Фру, переполненная радостью, взмахивала руками, поднималась всё выше и выше, то и дело посылая родным воздушные поцелуи. Вдруг что-то чёрное затмило солнце. Это была инструктор по военной подготовке. Она подлетела впритык и закаркала:
 
– Рано праздновать победу! Приближается решающий бой!
– Отцепись. Я сегодня занята.
– Товарищ Лин! Ты не можешь отсиживаться, когда наши солдаты на переднем крае громят вьетнамских врагов!
– Да отстань ты уже. Надоела!
– Ты дочь незапятнанных кхмеров! А также дочь компартии! Кампучия зовёт тебя на бой!
– Говорю тебе, у меня другие планы.
– Это освежит твой революционный задор и партийный склад ума! Получи и распишись!

Крепкие руки инструкторши повесили на девчоночью шейку калаш и сумку с гранатами, после чего незапятнанная дочь компартии полетела с ускорением головой вниз. Бум!.. Фру проснулась. В полицейском участке стоял гвалт.

– Палыч, имей сострадание! Вторые сутки сна ни в одном глазу!
– Ни сна-а в глазу-у, ни маковой роси-инки во рту-у!
– Та не надо ля-ля! Кто мою пиццу схарчил? Не ты ли? Мне одни только крошки достались.
– Па-а-алы-ы-ыч, ми-и-иленький, отпусти ты нас христаради-и-и! Ты же знаешь, мы отработаем.
– Сверх нормы отработаем!
– Мы долги не забываем!

При виде воцарившегося в «приёмном покое» майора срамницы всполошённо загоготали и прилипли к решётке. Ноги их подкашивались на лабутенах, когда они, повисая на прутьях, как на пилонах, протискивали между ними округлости бюстов. Красные сонные глаза вяло моргали, чёрная перхоть слетала с крашеных ресниц на потрескавшуюся штукатурку тонака. Донельзя измаявшись без дела, источив все лясы, они сутки напролёт что-то пожёвывали, попивали, заигрывали с охраной, выманивая то кусочек съестного, то стаканчик газировки, после чего им требовался променад в сортир. Точно вырвавшиеся из загона дикие кобылицы, они резво перебирали конечностями на своих опасных платформах, следуя в дальний конец тихого обезлюдевшего коридора. Протоколы были заполнены и разложены по папкам, бунтари давно разбрелись по домам. Покой и скука с дремотой, заполнившие всё до мельчайших щелей, вымотали блудницам последние нервы.
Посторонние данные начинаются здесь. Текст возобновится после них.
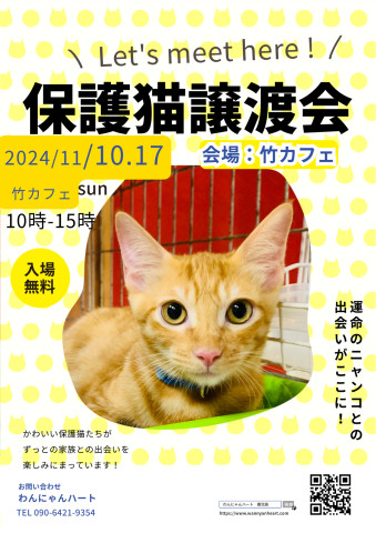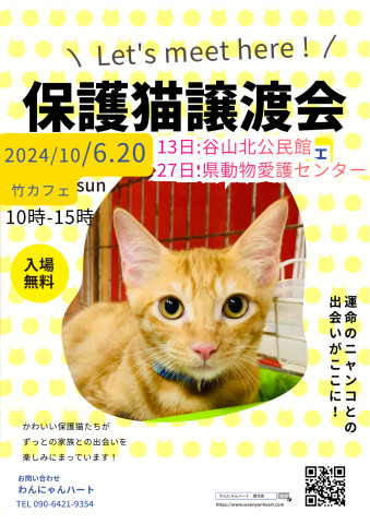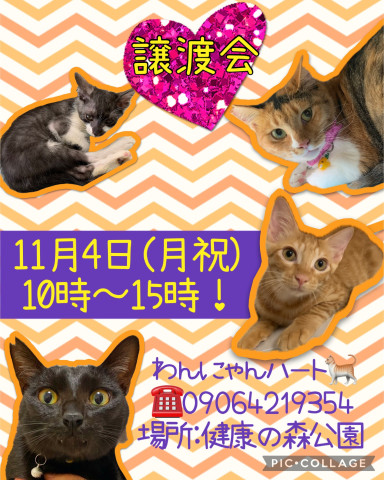 • 11月4日は健康の森公園ファミリー広場での譲渡会になります‼️年に一回限りの開催場所となっておりますので、ぜひご参加ください! 屋外での開催なので実際に猫は居ますが、抱っこはNGです。ご了承上、ご参加ください。 実際に触れ合いたい場合は次の11日に竹カフェ開催の譲渡会にお越しくださいますよう、お願い致します。 【譲渡会見学希望者へのお願い】 *希望時間予約(1グループ(家族2人)30分) 上記を了承の上、ご来場ください 【予約方法】 予約なしでも参加頂けますが、予約優先です。 お名前、お電話番号、希望時間(30分刻み) 《希望時間、10時~15時までの30分間》 わんにゃんハート09064219354まで、お電話かショートメール(電話が通じない場合)にてご予約ください 【譲渡会】 *成猫と仔猫がたくさん参加します。 *譲渡には「完全室内飼育」「避妊去勢の実施」などの条件があります。 *里親希望の方はアンケートにご記入をお願いします *持ち物は住所の確認できるもの、キャリーケース、事務手数料2000円と費用等です。詳しくはお問い合わせください。 *猫の保護・引き取りはしておりません。ペット用品やフード、寄付、ボランティアは大歓迎です。 *皆さんのお越しをお待ちしています。
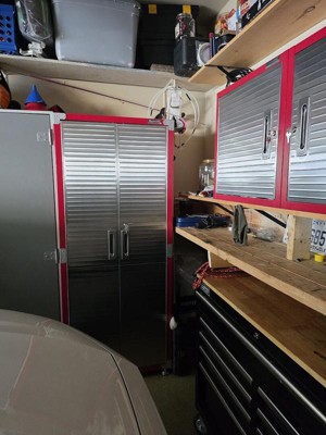 Makes any garage look organized. Sturdy, made of great material and perfect size. Love all the many levels for shelves to choose from. The clean lines would make this cabinet fit anywhere. One person could build the cabinet, but 2 makes it much easier. The more cabinets you build, the easier it gets. We have 4.

Фру, забившись комочком в угол клетки, просчитывала удобный момент для побега. Когда Палпалыч, отдуваясь, тяжело подкатился винной бочкой к просительницам, она вся напружинилась. Спусковым крючком клацнул замок, насмешливо взвизгнули петли, и широкий соблазнительный лаз предстал её очам. Сейчас одним махом она преодолеет расстояние в пять метров и окажется на свободе. Бред! Без военного снаряжения ей не обрести крыльев, не пройти сквозь стену, не отсечь погоню. Тем не менее она выбралась из закутка и стала рядом с девицами. Авось удастся прошмыгнуть незамеченной.
 
Начальник засипел отсыревшим фаготом:
– Всю мою печёнку вы съели, матрёшки пустоголовые. Каждый раз начальство с меня кожу живьём сдирает за ваше безмозглое попадалово. Пользы от вас, как с козла молока, а неприятностей – воз и маленькая тележка. Прикрою я ваш притон, клянусь мамой. – стонал майор.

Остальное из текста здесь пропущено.